In 1984, PSEI became part of a joint venture that formed the St. Bernard Services Corporation, which operated ferry services across the San Bernardino Strait. In the same year, the company was renamed Philtranco Service Enterprises, Inc. In 1986, Philtranco launched its first integrated Luzon–Visayas–Mindanao bus-and-ferry service, connecting Luzon with Visayas and Mindanao through intermodal transport routes.

In April 1999, Philtranco was acquired by the Penta Pacific Realty Corporation led by businessman Jose C.H. Alvarez. The new ownership initiated a fleet replacement of 80 units costing PHP250 million. In June 2000, the company introduced its 29-seater Gold Service Bus premium bus service, which featured airline-style passenger check-in and baggage tagging systems, the first in the Philippines to do so.

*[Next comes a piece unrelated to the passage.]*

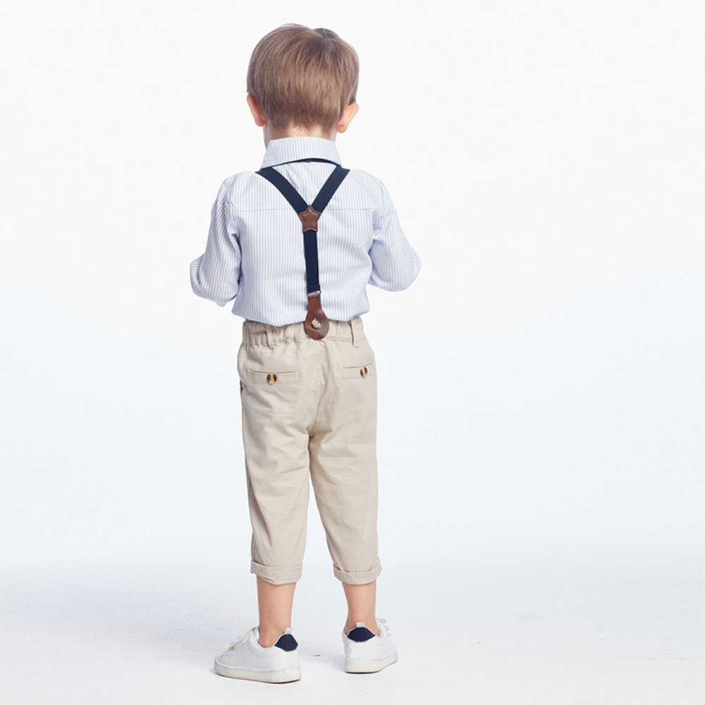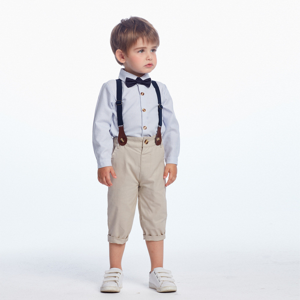 【BB287】韓版直條紋小領結兩件式吊帶長袖長褲套裝(3色)
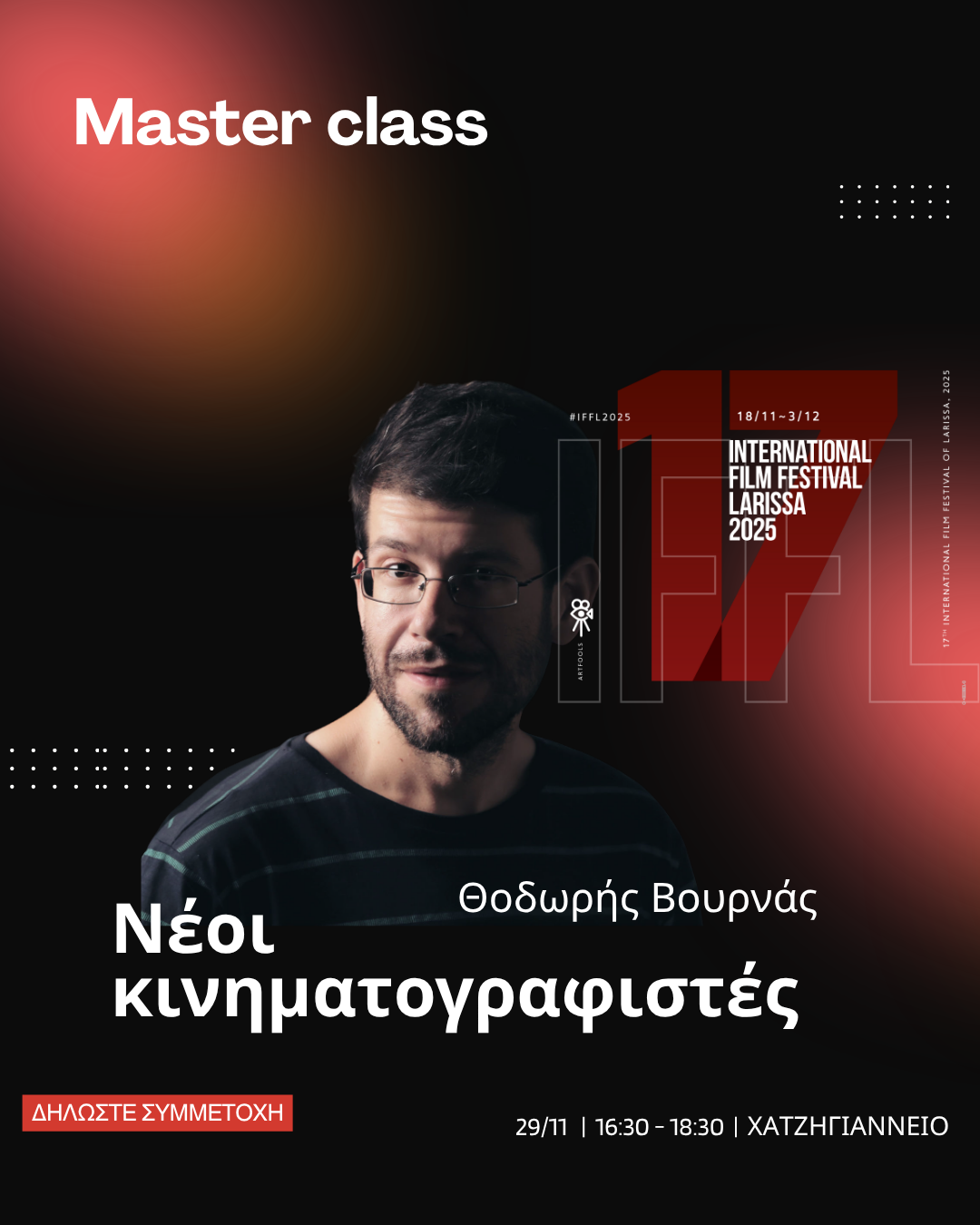 • 29/11  Master class Νέοι κινηματογραφιστές ΧΑΤΖΗΓΙΑΝΝΕΙΟ Θοδωρής Βουρνάς. 16:30 - 18:30

By 2004, the company was considered as the only integrated land and sea transport company in the Philippines. That same year, in response to then-Philippine president Gloria Macapagal Arroyo's push to modernize the country's land and sea transportation system, Philtranco announced a PHP4 billion (US$75 million) investment program to acquire new fleet of buses and ferry boats, and improve and expand its terminals.

During the late 2000s and 2010s, Philtranco continued to introduce new bus models. It participated in the Public Utility Vehicle Modernization Program, phasing out older units beginning in 2014. In 2016, Philtranco participated in a joint modernization initiative with the Archipelago Philippine Ferries Corporation and its affiliate Jam Liner, aimed at expanding integrated transport services nationwide.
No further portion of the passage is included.